[RECORDED INFORMATION — start]

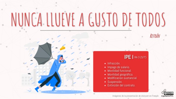 La relación laboral se mantiene a lo largo del tiempo (ya sabes que más o menos duradero en función del contrato) y durante el transcurso de la misma pueden ocurrir muchas cosas... algunas de ellas pueden ser debidas a necesidades de organización de la empresa, otras por desavenencias entre las partes, otras por el comportamiento, digamos "incorrecto", de alguna de las partes, otras por diferencias de interpretación...En cualquier caso, esto da lugar a cambios en los que podemos estar o no de acuerdo y, si no lo estamos, debemos identificar los recursos laborales existentes antes estas vicisitudes.
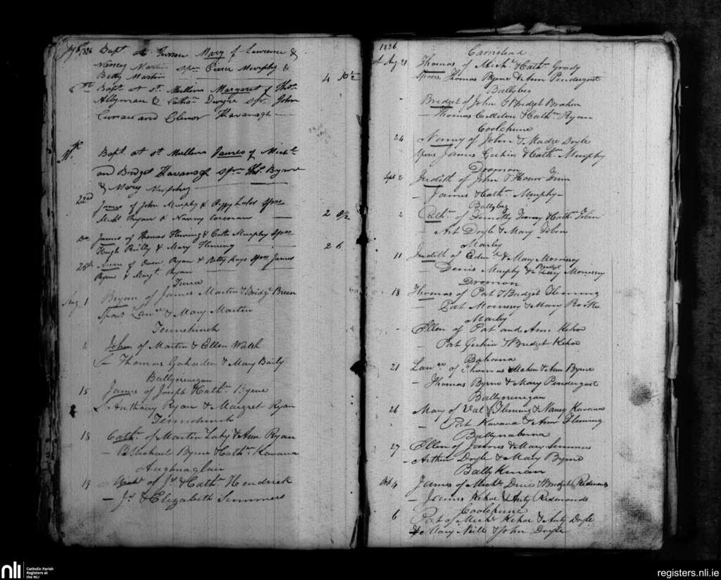 St. Mullins; County of Wexford, Carlow; Diocese of Kildare and Leighlin. Baptisms, July 1826 to Oct. 1826
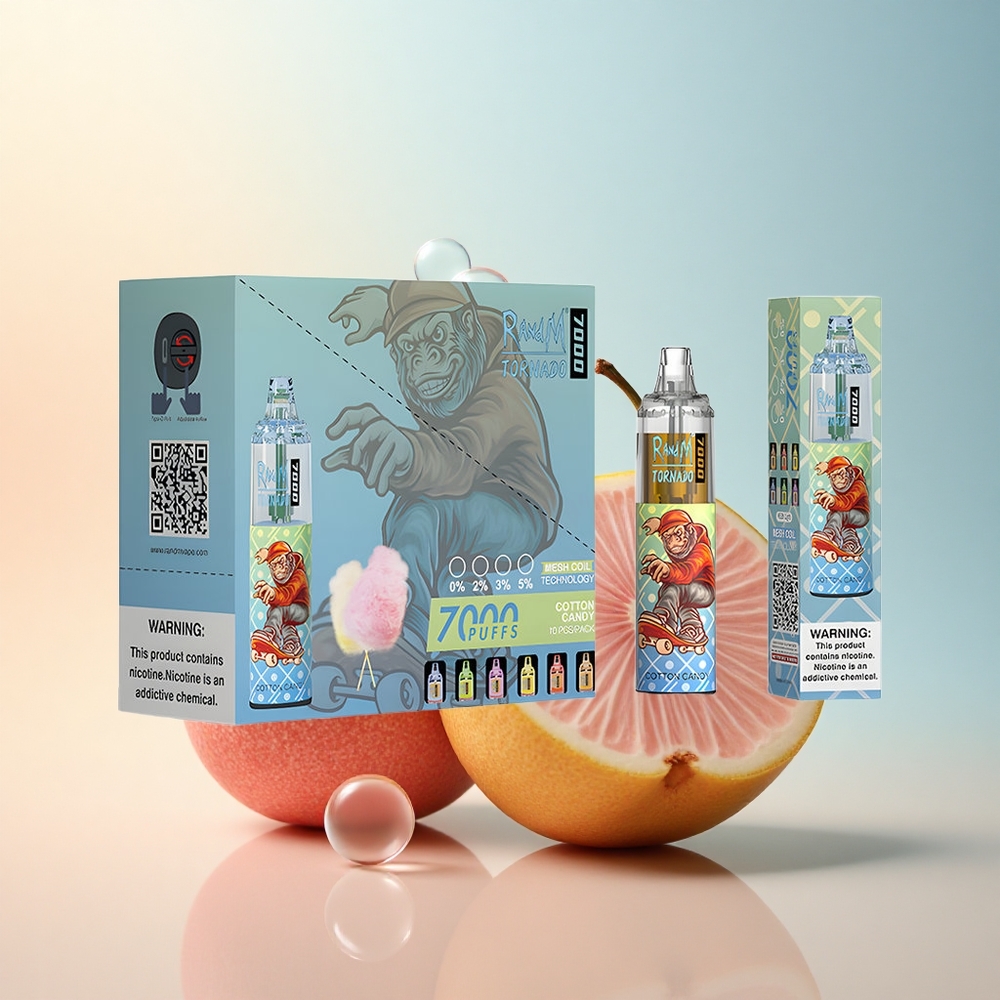 RandM Fumot Tornado 7000 Puffs حلوى القطن 14 مل نوع شبكي 5% نيكوتين
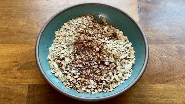 In a mixing bowl, combine ¾ cup rolled oats, 1½ Tbsp almond flour (or substitute almond powder for a lower-fat / lower-calorie option), 1½ Tbsp oat flour, 1 Tbsp ground flax seed, 1 tsp cinnamon, and ¼ tsp cloves. If you're using chopped walnuts and pecans, you can add those now, as well.
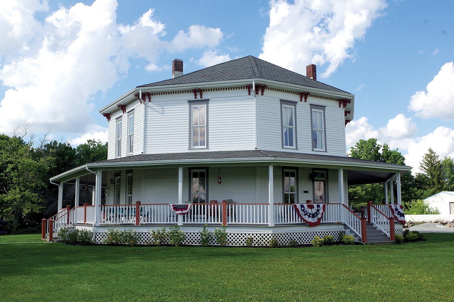 Built in 1879, the Jane Ross Reeves Octagon House is one of five octagon houses left in Indiana. Ross Reeves discovered the octagon house design in a magazine and had it built for roughly $2,500. The two-story, wood-frame house has 16 rooms and originally four chimneys. These were removed and rebuilt along with a full basement when the house was relocated in 1997 from Wilkinson, Indiana, to Shirley, Indiana. Visitors can request a tour of the 145-year-old house, renowned for its well-preserved condition.
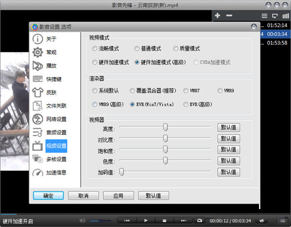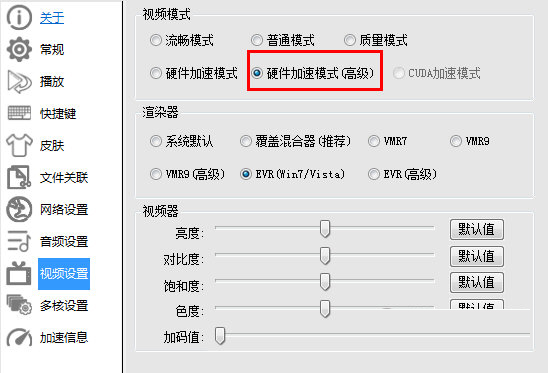 首先进入播放器的影音设置选项,在【视频设置】中,将视频模式中选择【硬件加速模式(高级)】,同时渲染器设置为系统默认,之后重启播放器后再次尝试播放。
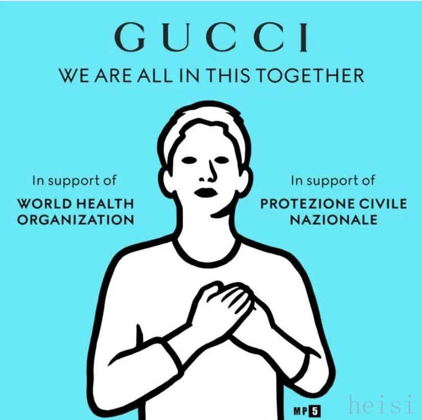 Gucci的母公司为多家医疗机构捐款抗疫,此前也曾为中国抗击肺炎疫情捐款750万人民币,Gucci还携手其全球社群参与两项众筹项目,正如海报中说:We are all in this together。
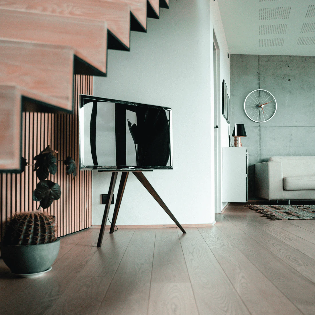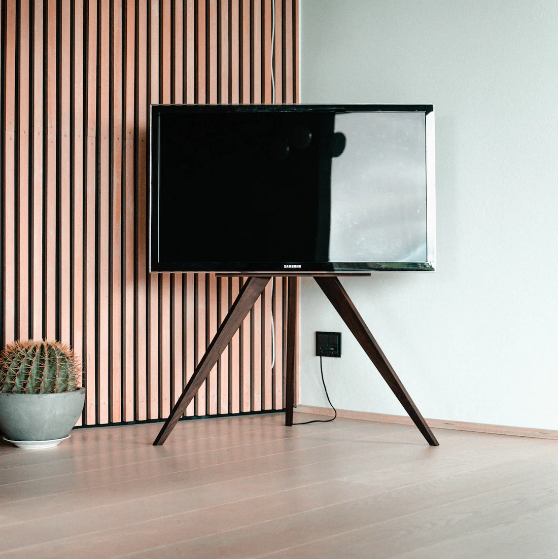Mit seinen drei Beinen bietet der Fernsehständer Ella Nussbaum die einzigartige
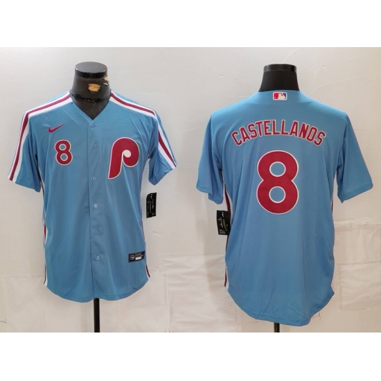 Men's Philadelphia Phillies #8 Nick Castellanos Number Light Blue Cooperstown Cool Base Jersey
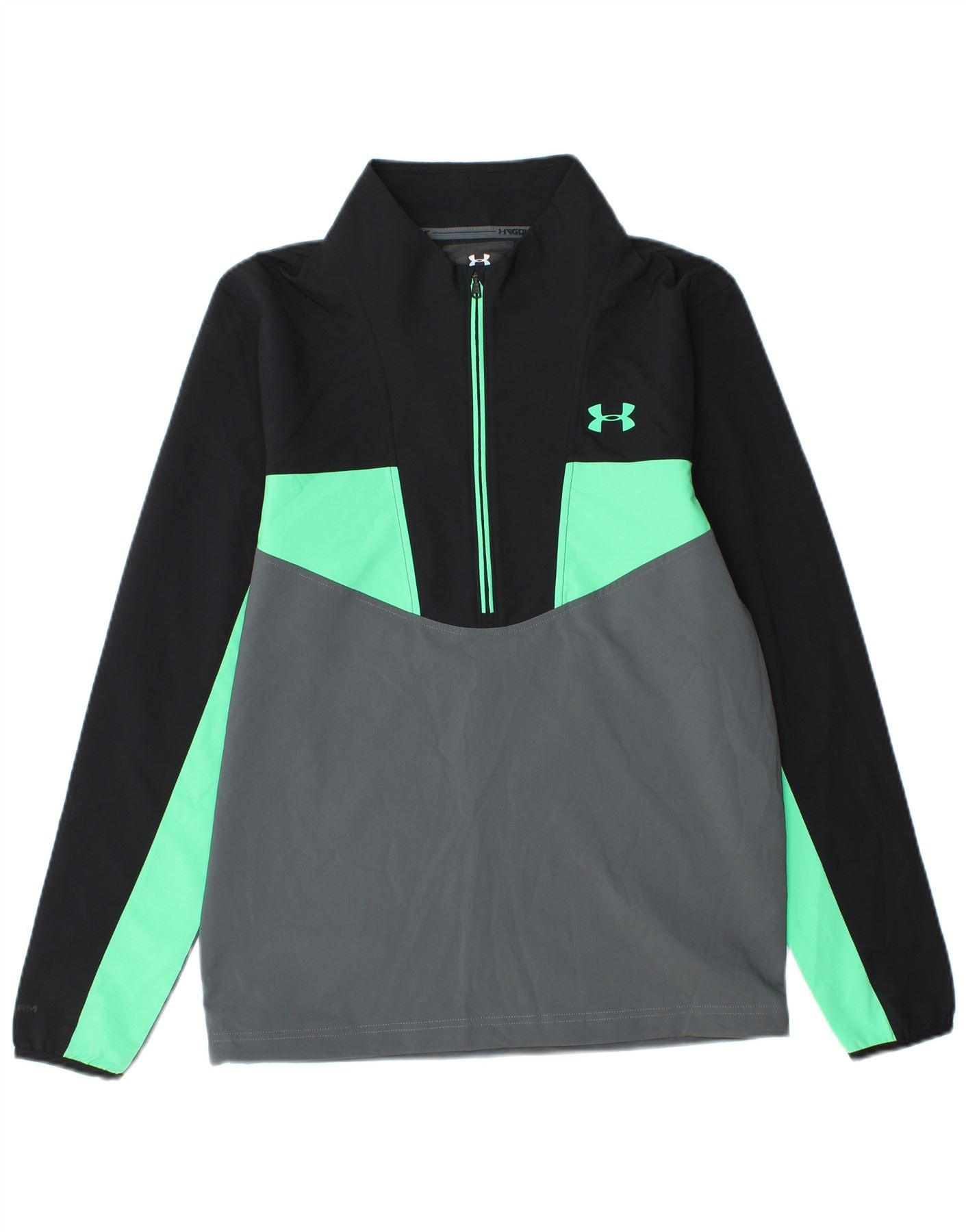 - Descriere AI: Acest top de trening Under Armour pentru bărbați este confecționat din țesătură ușoară, respirabilă. Are un gât înalt și mâneci lungi. Potrivirea relaxată, lejeră, asigură confort și libertate de mișcare. Închiderea cu fermoar și modelul colorblock în negru, gri și verde adaugă o estetică modernă și sportivă. Logo-ul Under Armour oferă un accent subtil. Acest top este ideal pentru golf sau alte activități active.

[RECORDED INFORMATION — finish]

EXERCISE: Copy nothing but the lines from the start of the entries through the line with "In a mixing". Write them out exactly, without pictures.

THE ANSWER:
 La relación laboral se mantiene a lo largo del tiempo (ya sabes que más o menos duradero en función del contrato) y durante el transcurso de la misma pueden ocurrir muchas cosas... algunas de ellas pueden ser debidas a necesidades de organización de la empresa, otras por desavenencias entre las partes, otras por el comportamiento, digamos "incorrecto", de alguna de las partes, otras por diferencias de interpretación...En cualquier caso, esto da lugar a cambios en los que podemos estar o no de acuerdo y, si no lo estamos, debemos identificar los recursos laborales existentes antes estas vicisitudes.
 St. Mullins; County of Wexford, Carlow; Diocese of Kildare and Leighlin. Baptisms, July 1826 to Oct. 1826
 RandM Fumot Tornado 7000 Puffs حلوى القطن 14 مل نوع شبكي 5% نيكوتين
 In a mixing bowl, combine ¾ cup rolled oats, 1½ Tbsp almond flour (or substitute almond powder for a lower-fat / lower-calorie option), 1½ Tbsp oat flour, 1 Tbsp ground flax seed, 1 tsp cinnamon, and ¼ tsp cloves. If you're using chopped walnuts and pecans, you can add those now, as well.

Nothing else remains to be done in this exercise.